There is absolutely nothing coming up for sale in the property market that ticks our boxes, which are:
- Close enough to a school that we like (ref my performance data exercise)
- Close enough to a station that is connected to London Bridge
- Within our budget
- At least three bedrooms
- At least the same square meters as our current house
- Doesn’t need modernisation / huge improvement works
I get email digests from some of the property websites and the most common criteria where houses fail me (I’m beginning to take it all a bit personally) are the first and second one. Real estate agents keep telling me about Ofsted-rated schools in the vicinity and they are mystified when I explain that those aren’t the ones we like.
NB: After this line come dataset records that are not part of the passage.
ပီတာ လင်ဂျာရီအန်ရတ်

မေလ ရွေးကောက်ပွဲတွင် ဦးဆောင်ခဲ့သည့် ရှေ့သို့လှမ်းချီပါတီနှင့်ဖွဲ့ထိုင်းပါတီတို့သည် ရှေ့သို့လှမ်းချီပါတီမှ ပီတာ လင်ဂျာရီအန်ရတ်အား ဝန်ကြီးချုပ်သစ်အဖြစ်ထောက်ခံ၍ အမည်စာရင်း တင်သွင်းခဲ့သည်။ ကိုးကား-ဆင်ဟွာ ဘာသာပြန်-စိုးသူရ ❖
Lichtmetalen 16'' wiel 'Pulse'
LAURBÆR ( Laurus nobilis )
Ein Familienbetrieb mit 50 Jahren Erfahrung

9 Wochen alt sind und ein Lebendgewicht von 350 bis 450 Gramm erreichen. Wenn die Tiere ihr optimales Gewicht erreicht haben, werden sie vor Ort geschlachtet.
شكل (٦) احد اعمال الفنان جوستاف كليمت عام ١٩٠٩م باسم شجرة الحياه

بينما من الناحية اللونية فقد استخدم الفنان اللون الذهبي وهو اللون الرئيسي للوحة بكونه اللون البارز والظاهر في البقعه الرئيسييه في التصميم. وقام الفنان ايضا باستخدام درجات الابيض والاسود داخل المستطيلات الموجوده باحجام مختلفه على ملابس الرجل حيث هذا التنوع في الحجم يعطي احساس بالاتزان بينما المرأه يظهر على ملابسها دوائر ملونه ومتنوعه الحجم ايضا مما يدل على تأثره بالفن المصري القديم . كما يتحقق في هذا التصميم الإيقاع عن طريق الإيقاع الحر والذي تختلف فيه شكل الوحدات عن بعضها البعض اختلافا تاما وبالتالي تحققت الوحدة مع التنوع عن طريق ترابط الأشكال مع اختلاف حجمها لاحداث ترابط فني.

For reasons unknown, most parents put more weight on the Ofsted inspections, which to me seem very opaque, political and indeed, often unfair, as the current crisis points to.
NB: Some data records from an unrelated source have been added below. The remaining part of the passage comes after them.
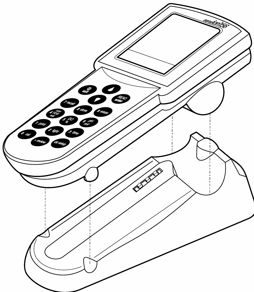
图 3 使用 sension 电源座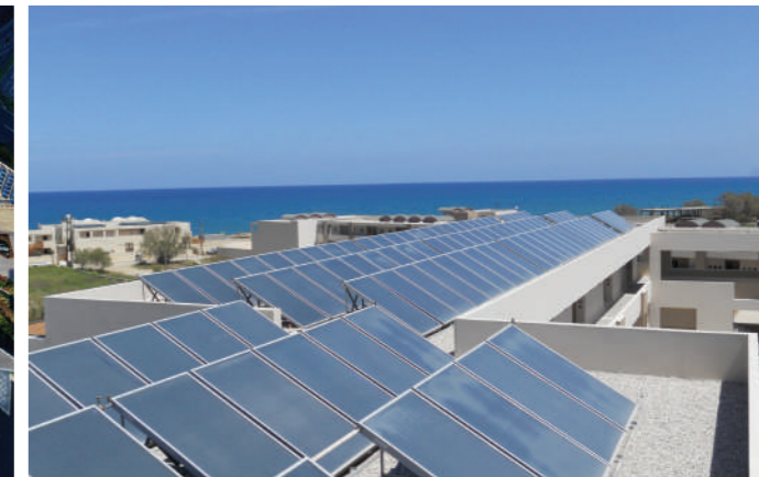
KOLYMPARI BEACH HOTEL, GRECIA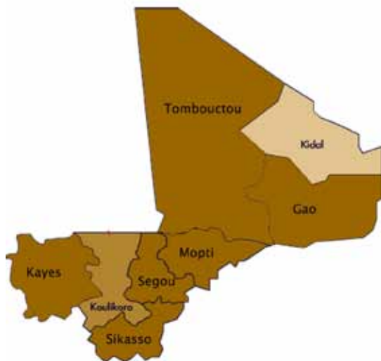
Couverture géographique du réseau IKON au Mali (en couleur chocolat).

I’ve even gone through the ads in reverse order of posting date to find the really old ones that aren’t shifting, even though reason tells me there aren’t going to be any hidden gems in there. At this time last year, houses were popping up like mushrooms in the rain, as the Finns say, and rate-happy first-time buyers mortgaged up to their eyeballs were ringing in offers from their cars on the way to the viewing. Now apparently cash-only buyers (who are they?) sit on the sidelines, waiting for the desperados try and fail to raise mortgages before sliding in offers that can’t be refused.
Last week was a good one for human interaction. On top of my customary three days in the office, I also had two meetings in meatspace with work connections – one with an interesting data provider that we might either use ourselves for research or get to know so we can pass them on to clients who are looking for data providers, and one with a trading software vendor we know of old and want to stay informed about.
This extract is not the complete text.